Obesity and type 2 diabetes (T2D) are associated with chronic activation of inflammatory responses that play a causal role in tissue dysfunction and altered metabolism. Skeletal muscle in particular, is a major site of insulin action and becomes inflamed and insulin resistant with the progression of obesity and T2D, leading ultimately to ectopic lipid deposition and atrophy. Individuals with T2D exhibit accelerated loss of muscle mass and strength with age compared to non-diabetics. As a consequence of the disease process, obesity and T2D alter the response to injury such that the normal tissue reparative responses are impaired and lead to fibrosis.

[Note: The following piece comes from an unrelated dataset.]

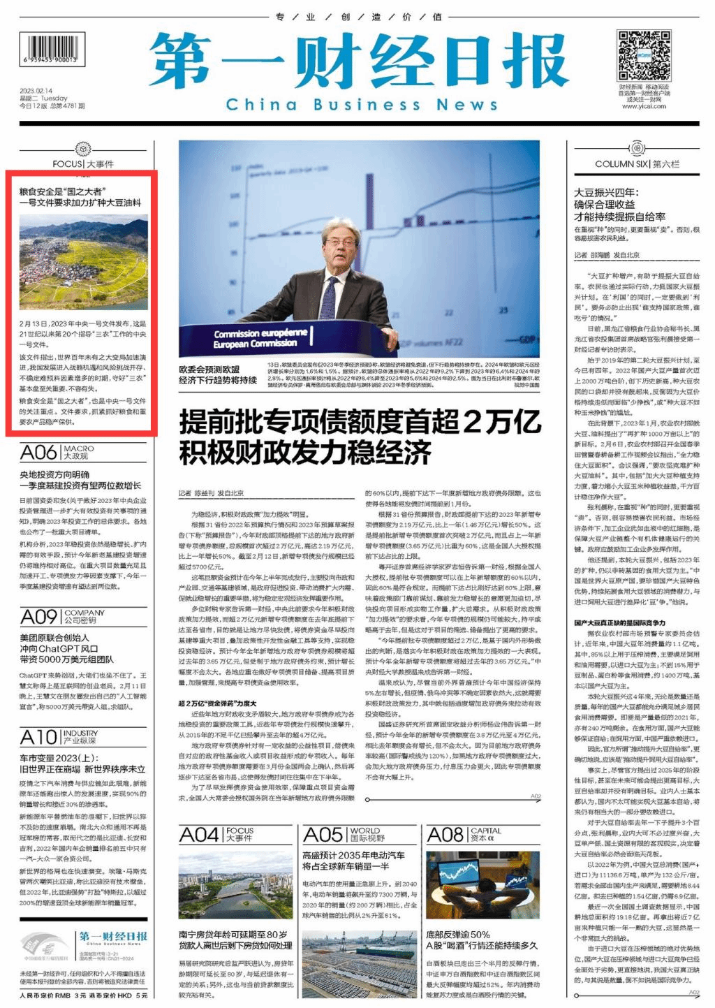 核心提示:2月13日,2023年中央一号文件发布。九三学社湖北省委经济专委会副主任、bv伟德国际1946经济管理公司教授何可老师就此接受第一财经记者采访,相关内容刊发于《第一财经日报》2023年2月14日第A01版、第A02版。

Indeed, perturbation of the normal tissue repair response is one of the most prominent secondary complications of T2D. Increasing omega-3 PUFA in the diet or direct administration of resolvins resolves inflammation and improves systemic metabolism in diabetes. We recently discovered a temporal shift from pro-inflammatory to pro-resolving lipid mediators (resolvins) during muscle injury and regeneration in a process termed lipid mediator class switching. We found that resolvin D2 (RvD2) decreases inflammation and hastens recovery of muscle regeneration and function. Nonetheless, the specific mechanisms underlying these beneficial effects are incompletely understood. The role of resolvins and their omega-3 PUFA precursors, particularly if provided in the diet, during recovery from muscle injury, in the context of metabolic disease has not been evaluated. Importantly, preliminary lipid mediator profiles obtained from diabetic muscles indicate an impairment in the lipid mediator class switching during injury and regeneration. We propose to comprehensively investigate the relationship between nutritional omega-3 PUFA intake, lipid mediator production, inflammation-resolution, macrophage signaling and function, and muscle regeneration. We will further determine how these pathways are perturbed in metabolic disease and whether targeted resolvin therapy is more efficacious than omega-3 PUFA nutritional interventions. Our studies will broaden our understanding about the comparative efficacy of omega-3 PUFA vs. RvD2 for resolving chronic inflammation and promoting tissue repair. They could uncover whether there are alterations in utilization of omega-3 PUFA in metabolic disease that could inform further clinical studies on omega-3 PUFA, as well as personalized medicine.

肥胖和 2 型糖尿病 (T2D) 与炎症反应的慢性激活有关，炎症反应在组织功能障碍和代谢改变中起因果作用。特别是骨骼肌，是胰岛素作用的主要部位，随着肥胖和 T2D 的进展，骨骼肌会发炎和产生胰岛素抵抗，最终导致异位脂质沉积和萎缩。与非糖尿病患者相比，2 型糖尿病患者随着年龄的增长，肌肉质量和力量会加速丧失。作为疾病过程的结果，肥胖和 T2D 改变了对损伤的反应，从而使正常组织的修复反应受损并导致纤维化。事实上，正常组织修复反应的扰动是 T2D 最突出的继发并发症之一。在饮食中增加 omega-3 PUFA 或直接施用消退素可以缓解炎症并改善糖尿病患者的全身代谢。我们最近发现，在肌肉损伤和再生过程中，从促炎脂质介质到促溶解脂质介质（分解素）的时间转变被称为脂质介质类别转换。我们发现 resolvin D2 (RvD2) 可减少炎症并加速肌肉再生和功能的恢复。尽管如此，这些有益作用背后的具体机制尚不完全清楚。在代谢疾病的背景下，消退素及其 omega-3 PUFA 前体的作用，特别是在饮食中提供时，在肌肉损伤恢复过程中的作用尚未得到评估。重要的是，从糖尿病肌肉获得的初步脂质介质谱表明损伤和再生过程中脂质介质类别转换受损。我们建议全面研究营养性 omega-3 PUFA 摄入、脂质介质产生、炎症消退、巨噬细胞信号传导和功能以及肌肉再生之间的关系。我们将进一步确定这些途径在代谢疾病中如何受到干扰，以及靶向消退素治疗是否比 omega-3 PUFA 营养干预更有效。我们的研究将加深我们对 omega-3 PUFA 与 RvD2 在解决慢性炎症和促进组织修复方面的比较功效的理解。他们可以揭示 omega-3 PUFA 在代谢疾病中的利用是否发生变化，这可以为 omega-3 PUFA 的进一步临床研究以及个性化医疗提供信息。